4.4)、对于手势掩模中Alpha值为1的像素，用RGB值覆盖窗口背景值，对于Alpha值为0的像素，依然保留窗口背景值。也可以采用三维渲染引擎如OpenGL中的glDrawPixels函数，将手势掩模直接透明叠加绘制在屏幕上，该函数绘制时，对于手势掩模中Alpha值为0的依然保持背景色。4.4) For pixels with an Alpha value of 1 in the gesture mask, cover the window background value with RGB values, and for pixels with an Alpha value of 0, still retain the window background value. It is also possible to use a 3D rendering engine such as the glDrawPixels function in OpenGL to directly and transparently overlay and draw the gesture mask on the screen. When this function is drawn, the background color of the gesture mask with an Alpha value of 0 is still maintained.

本发明公开了一种手势交互式视频场景中基于单目视觉的3D模型嵌入方法，通过单目场景深度重建进行手势与模型的遮挡判断，然后对3D模型进行无缝嵌入。具体技术路线如图1所示。The invention discloses a 3D model embedding method based on monocular vision in a gesture interactive video scene. The occlusion judgment of the gesture and the model is performed through the depth reconstruction of the monocular scene, and then the 3D model is seamlessly embedded.

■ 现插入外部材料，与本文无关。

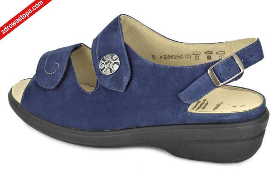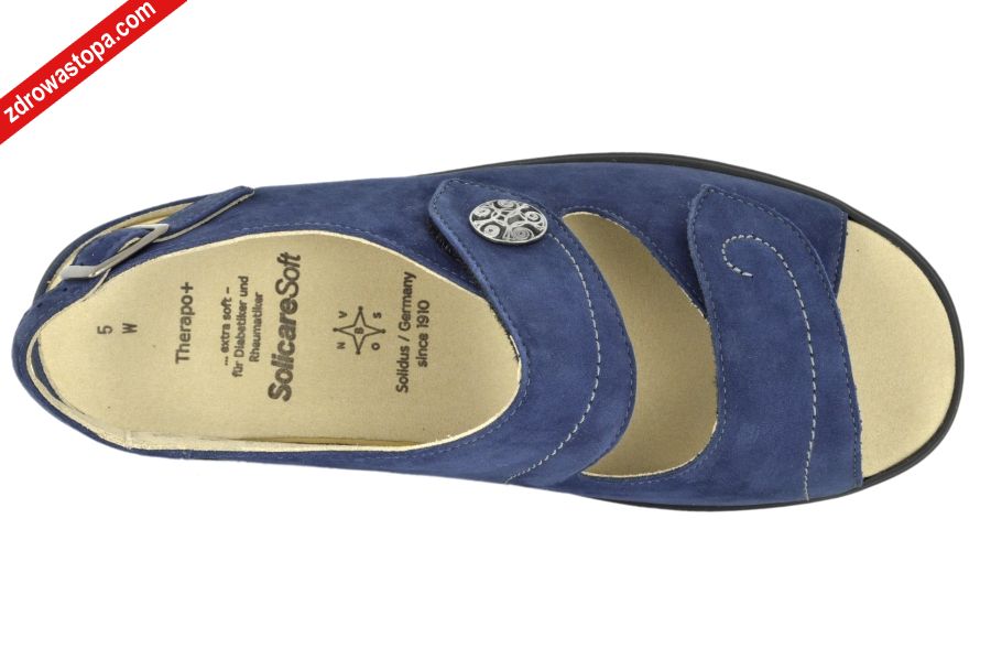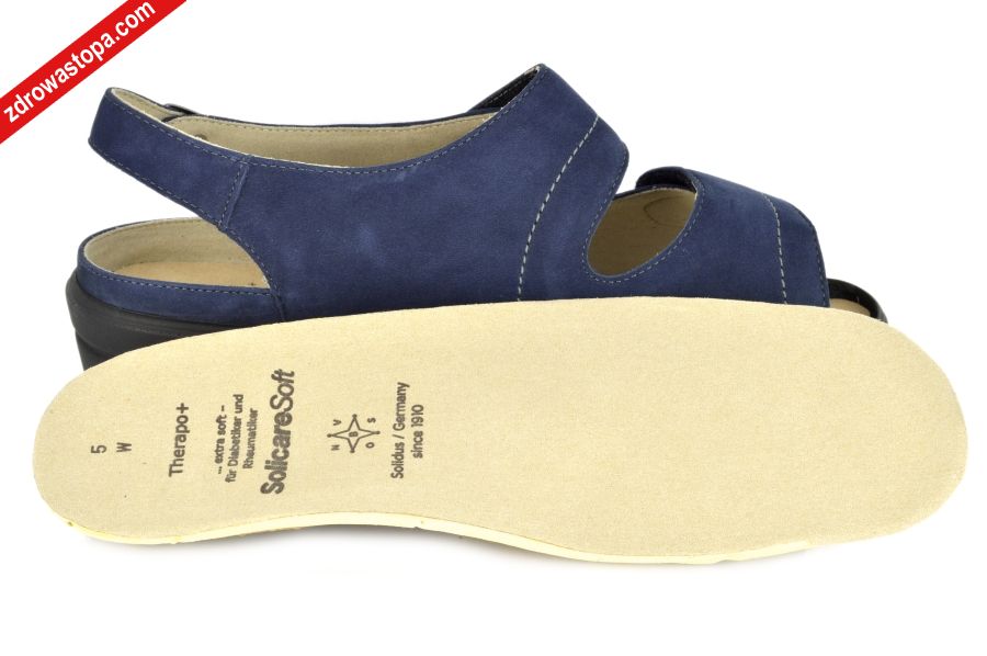 Dodatkowe informacje: Przednie paski zapinane na rzepy oraz tylny pasek zapinany na zatrzask. Wykonane z bardzo miękkiej skóry, wysokość klinu 30 mm, wyjmowane wkładki. Obuwie SOLIDUS jest produkowane z najwyżej jakości skór i materiałów. Produkt NIEMIECKI. Firma SOLIDUS istnieje od 1910 r.

The specific technical route is shown in Figure 1.

步骤1，单目场景深度重建：Step 1, monocular scene depth reconstruction:

对当前帧进行场景深度重建，生成场景深度，如图2所示，为遮挡关系的判断提供基础；Perform scene depth reconstruction on the current frame to generate scene depth, as shown in Figure 2, to provide a basis for judging the occlusion relationship;

步骤2，精细手势提取：Step 2, fine gesture extraction:

首先对当前帧进行手势检测与定位，得到手势检测框的位置与范围，然后提取前景，把前景和手势检测框的共同部分作为手势部分，然后再进行去噪处理得到精细手势掩模，如图3所示；First, perform gesture detection and positioning on the current frame to obtain the position and range of the gesture detection frame, then extract the foreground, use the common part of the foreground and the gesture detection frame as the gesture part, and then perform denoising processing to obtain a fine gesture mask, as shown in the figure 3 shown;

步骤3，3D模型渲染：Step 3, 3D model rendering:

首先绘制视频作为背景，然后渲染3D模型到背景，最后在手势遮挡3D模型的部分重新绘制该部分视频；First draw the video as the background, then render the 3D model to the background, and finally redraw the part of the video where the gesture blocks the 3D model;

步骤4，遮挡判断及手势再绘制：Step 4, occlusion judgment and gesture redrawing:

对步骤2提取的精细手势掩模，通过步骤1产生的场景深度图和步骤3得到的模型深度图进行遮挡判断，具体流程如图4所示，然后进行遮挡手势的再绘制，从而形成3D模型无缝嵌入效果，如图5所示。For the fine gesture mask extracted in step 2, the occlusion judgment is performed through the scene depth map generated in step 1 and the model depth map obtained in step 3. The specific process is shown in Figure 4, and then the occlusion gesture is redrawn to form a 3D model Seamless embedding effect, as shown in Figure 5.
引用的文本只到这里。